Island Time and Farm Animals

I can’t think of any predictions or expectations, ambitions or dreams for the upcoming year. I feel numbed from reading the innumerable, estimable 2010 articles. Partly it’s being on this island and feeling removed from the world, and even from time. I got to the boardwalk in Phillipsburg on New Year’s Eve just in time to see the fireworks at midnight. My friends and I got drinks and walked over to the beach. We waited. Someone had 4 minutes until midnight, the other two had 2 minutes. 2 minutes went by and nothing happened. Then another 2 went by and nothing happened. Nobody around us seemed concerned, and nobody was counting down. Then a rocket went spiraling up in the air. “Happy New Year!” I cried, figuring somebody had to call it. “Happy New Year” my friends said. Here even 2010 is on island time.

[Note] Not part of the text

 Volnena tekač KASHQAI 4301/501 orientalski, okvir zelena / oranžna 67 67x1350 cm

For New Year’s day, we had a big, fortifying breakfast and went to the beach. The weather was idyllic and I had some supremely Caribbean-themed light reading. Walking back to the car at the end of the day, we saw a baby donkey. It was just standing there, nibbling grass then walking down into the sand. While the island boasts more farm animals than I ever saw growing up in Georgia, a donkey roaming the beach was a whole new thing! We started to take photos when it’s perturbed owner appeared. He called to it and tried to grab its harness, but the donkey gaily trotted away through families of prone French tourists. All the beach-goers were startled, and the owner walked fast to herd (eventually) the donkey into the parking lot and away from the beach. It was very funny and very strange. It’s hard to think seriously about life when you’re laughing at donkeys.

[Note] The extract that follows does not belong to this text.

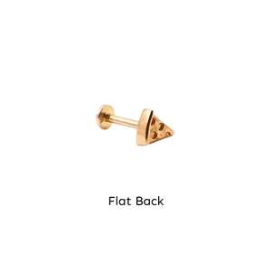 The perfect pizza stud, crafted in solid 14K yellow gold for durability and everyday wear. Handmade in the USA by our team in Los Angeles, each piece is a tiny work of art. Available with butterfly-post or screw-in flat-back options. Sold individually so you can mix and match. Dimensions: 6mm H x 5mm W. Made to order and ships in 1-2 weeks.

So I’m on island time, distracted and amused by a new place, and, to top it off, hot. It’s very difficult to think when you are hot. While watching the long fireworks show, I felt that I really didn’t care about doing too much–that I was quite happy with things just as they are. I’m like a fat cat being scratched and purring. It’s a little ridiculous, and it certainly won’t last, but I am utterly relaxed. In fact, I might just take a mid-morning cat nap.

This is the Daily Herald

It’s the newspaper for the Dutch side, where we live. It covers international and local news, but it especially brims with stories about Sint Maarten being slated to attain country statuson 10/10/10 rather than be part of the Netherland Antilles.

It is also full of these:

Clarivoyants.

Mediums.

People with supernatural knacks.

Occult Scientists.

This is less than half of those advertising clairvoyant services to those seeking love, fidelity among couples, impotence, come back of affections, sales, power, and setting and removal of spells. Some study the occult, some are men of god. I thought this was paradise, but I didn’t know I could come here and solve all my problems by means of spells. There go my New Year’s resolutions–I’m hiring Professor Mamadou instead.

Also fun:


Stop Motion Sunrise

Mosquitoes woke me up just in time for the sunrise yesterday. I can’t think when the last time I saw one of those was. I expected the sun to rise up in a burst of glory, but instead it came up rather slowly, in a series of moments. So here I played with stop motion animation– not that the sun needed help from me in rising, but because it gives a better sense of movement and perception. Now I wish I had taken the photos from a fixed point, like a tripod, and taken more of them, but you get the idea.

It’s a beautiful and peaceful way to begin the day. I’d like to rouse myself out of bed one morning to see it again, without any prodding little biters helping me along.